In many of the documents you'll be producing you will at some point want to cite other documents. In this case you need the \cite{} command. You also need to define your citations of course; there are several ways to do this, but probably the best is using an auxiliary program called bibtex.

To use bibtex you create a .bib file which contains one entry for each of the works you wish to cite. BibTeX is not the same as LaTeX, and a .bib file is not a LaTeX file and has its own syntax. A .bib file consists of a series of entries, each one referencing a published work of one kind or another. The entries look like this:
 

@PhdThesis{hasnip,
author = 	 {P. Hasnip},
title = 	 {Ab-initio Simulations of Transition Metal Surfaces},
school = 	 {University of Cambridge},
year = 	 {2001},
OPTkey = 	 {},
OPTtype = 	 {},
OPTmonth = 	 {},
note = 	 {Chapter 6},
OPTannote = 	 {}
}

 

The @ defines the start of an entry, and the text following it defines what kind of work it is. Common sources are PhdThesis, Article (for papers), InCollection (e.g. for papers in those Springer-Verlag books or conference proceedings) and Misc for anything that doesn't fit in the others (private communications, for example).

Once you've defined what the source is, everything else goes in between curly braces as shown in the example. The first bit is a unique identifier that is how you're going to refer to this work in your LaTeX document - you'll give this to the LaTeX \cite command, just like you use with \label and \ref.

After the document type and unique string there are a number of bits of data that may or may not be relevant, and different types of work have slightly different allowed data. If you don't want a particular bit, just put OPT in front of it, as I have for address in the example above.

Once you've finished your bib file you can cite any of those worrks in your LaTeX document just using \cite{}, e.g. \cite{hasnip}.

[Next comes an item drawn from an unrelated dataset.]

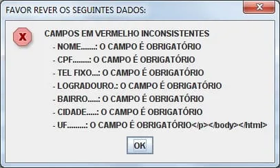 if(txtNome.getText().isEmpty()){erros.append("\n");erros.append("\t - nome.......: o campo é obrigatório\n".toUpperCase());txtNome.requestFocus();retorno=false;lblNome.setForeground(Color.RED);}else{lblNome.setForeground(Color.BLACK);}
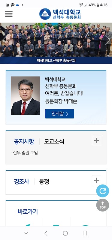 Baekseok University School of Theology Alumni Association Engagierter Service, Alumni-News, Geschichte, Galerie, Statuten, Spenden.

You will need to tell LaTeX you want to include a bibliography, and you do this by adding the command \bibliography{thesis} where you want it to appear in the LaTeX document, where thesis here is the prefix of your bib file. You probably also want to make sure it is included in any table of contents, which you do with \addcontentsline{toc}{chapter}{\sc Bibliography}. E.g.,
 

\documentclass[11pt,final]{book}

\title{My Sample \LaTeX Document}
\author{Phil Hasnip}
\date{\today}

\begin{document}

\maketitle

\tableofcontents

\chapter{Introduction}
In our previous work\cite{hasnip} we showed how to compute the
electronic properties of transition metal surfaces.

% Blah blah blah

%
% Bibliography

 
You now run LaTeX as usual, but you will then need to run bibtex to define the right references, and finally run LaTeX again to put the references in the right places! It's a bit fiddly, but it ends up looking very nice indeed.
You can set the style of the bibliography by using the \bibliographystyle{my_bib_style}, where my_bib_style is the prefix for the bibliography style file my_bib_style.bst you want to use.